T HEreflective skin of the Manitou Sands Casino & Hotel, the tallest structure between the Mackinac Bridge and Grand Rapids, appeared as a faint metallic shimmer on the winter horizon miles before the building itself could be discerned as something separate and distinct from the sandy hills rolling toward the lake. Kat Danhoff was driving to meet a man who had promised to talk to her about Jackie Saltino, or Jackie Crackers as he was sometimes called. The man was named Robert Argenziano and when they had spoken on the phone he had described himself, a little obscurely, as a “liaison” working with the Northwest Michigan Band of Chippewa Indians to help them implement the new family-friendly resort hotels that were introducing casino gambling to the area.
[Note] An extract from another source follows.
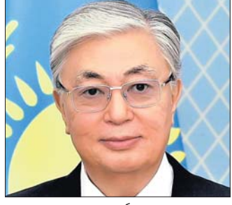
କାସ୍ୟାପ କୋମାର୍ଟ ଚୋକାୟେଭ୍

ଆଲମତି, ୭୧ ଗ୍ୟାସ୍ ବର ବୁଦ୍ଧିକୁ ବିରୋଧ କରି କାଜାଖସ୍ତାନରେ ଭରେକନା ସୃଷ୍ଟି ହୋଇଛି। ସରକାର ଏକପିଟି ଦର ବୃଦ୍ଧି କରିବା ପରେ ସାଧାରଣ ଜନତା ଏହାର ପ୍ରତିବାଦରେ ରାସ୍ତାକୁ ଓହ୍ଲାଇଛନ୍ତି। ସେମାନେ ସରକାରୀ ଅଫିସ୍‌ଗୁଡ଼ିକୁ ଧସେଇ ପଶି ଚାର୍ଜେଜ୍ କରିଥିବାବେଳେ ପୁରସ୍କା ବାହିନୀ ବଳ ପ୍ରୟୋଗ କରିଛି। ପୋଲିସ୍-ଜନତା ଖଣ୍ଡମୁହଁରେ ଉଭୟ ପକ୍ଷର ଅନେକ ମୃତ୍ୟୁ ହେଲେଣି। ବିକ୍ଷୋଭକାରୀଙ୍କୁ ଚୁଲି ଚଳାଇବାକୁ ଶୁକ୍ରବାର କାଜାଖସ୍ତାନ ରାଷ୍ଟ୍ରପତି କାସ୍ୟାପ କୋମାର୍ଟ ଚୋକାୟେଭ୍ ସୈନ୍ୟବାହିନୀକୁ ନିର୍ଦ୍ଦେଶ ଦେଇଛନ୍ତି। ଅଧିକ ବିଶ୍ୱାସୀ ସୈନ୍ୟଙ୍କୁ କାଜାଖସ୍ତାନ ରାଷ୍ଟ୍ରପତିଙ୍କ ନିର୍ଦ୍ଦେଶ ହଜାର ବସ୍ତୁ ଦେଶର ସର୍ବବୃହତ୍ ସହର କହିଲେ ୩,୦୦୦ ବିକ୍ଷୋଭକାରୀଙ୍କୁ ଆଲମତି ଉପରେ ଆକ୍ରମଣ କରିଛି ଓ ଉକ୍ତ ସହରକୁ ଧ୍ୱଂସ କରିଦେବାକୁ ପ୍ରତିଜ୍ଞା କରିଥିବା ରାଷ୍ଟ୍ରପତି କାସ୍ୟାପ କହିଛନ୍ତି। ସେ ବିକ୍ଷୋଭକାରୀମାନଙ୍କୁ ଦସ୍ତୁ ଓ ଆତଙ୍କବାଦୀ ବୋଲି ଦର୍ଶାଇଛନ୍ତି। ଆତଙ୍କବାଦୀ ଦେଶର ସମ୍ପତ୍ତି ନଷ୍ଟ କରିବା ସହ ସାଧାରଣ ନାଗରିକଙ୍କ ବିରୋଧରେ ଅସ୍ତ୍ର ଉଠାଇଛନ୍ତି। ସେଥିପାଇଁ ସେମାନଙ୍କୁ ଚୁଲି କରିଦେବାକୁ ନିର୍ଦ୍ଦେଶ ଦେଇଥିବା ରାଷ୍ଟ୍ରପତି କହିଛନ୍ତି। ୨୬ ସଶସ୍ତ୍ର ଅପରାଧୀ ନିହତ ହେବା ସହ ଅନ୍ୟ ୧୮ ଜଣ ଆହତ ହୋଇଥିବା କାଜାଖସ୍ତାନ ଗୃହମନ୍ତ୍ରୀ ଏକ ବୈଦ୍ୟିକ କହିଛନ୍ତି। ୩,୦୦୦ ବିକ୍ଷୋଭକାରୀଙ୍କୁ ଚିରଫ୍ କରାଗଲାଣି। ଦେଶରେ ପୁରସ୍କା ବ୍ୟବସ୍ଥାକୁ ବଢ଼ାଇ ଦିଆଯାଇଛି। ୭୦ ଟେକ୍‌ସ୍‌ସ୍‌ରେ ପୁରସ୍କା ବଳ ଯଶ୍ନା ଜରି ରହିଛି। ବିକ୍ଷୋଭକାରୀଙ୍କ ଆକ୍ରମଣରେ ୧୮ ପୁରସ୍କା କର୍ମୀ ଆହତ ହୋଇଥିଲେ। ବିକ୍ଷୋଭକାରୀ ଜଣେ ନାଗରିକଙ୍କ ବିରୋଧରେ ଅସ୍ତ୍ର ଉଠାଇଲେ। ତେବେ ସରକାରୀ ଭାବେ ଦର୍ଶାଯାଇଥିବା ଦଂଖ୍ୟାଠାରୁ ଯଥେଷ୍ଟ ଅଧିକ ଲୋକ ପ୍ରାଣ ହରାଇଥିବା ଜଣେ ସ୍ଥାନୀୟ ଖବରଦାତା କହିଛନ୍ତି। ସାରା ଦେଶରେ ଆତଙ୍କବାଦୀ ନିରୋଧୀ କାର୍ଯ୍ୟାଳୟ ଆରମ୍ଭ ହୋଇଛି।

But the first of the casinos had been open now for more than a dozen years, Kat had observed mildly. Robert Argenziano had laughed a hearty laugh and said something nonsensical about one hand washing the other, and Kat detected the long, rounded vowels of northeastern pronunciation in his speech, which otherwise sounded as placelessly clipped as that of a television announcer. They made a date, or so Robert Argenziano had persisted in calling it, to meet that Thursday for lunch at Highlands, the whisky bar and “first-class casual dining environment” just off the main 60,000-square-foot gaming floor. The exquisite tackiness of Highlands was later confirmed by Kat in an online search, although the place fell short, as Robert Argenziano himself had fallen short, of outright sleaze. More than anything else, it represented an insistence on the primacy of nice even in a place where it was possible to lose everything in an instant.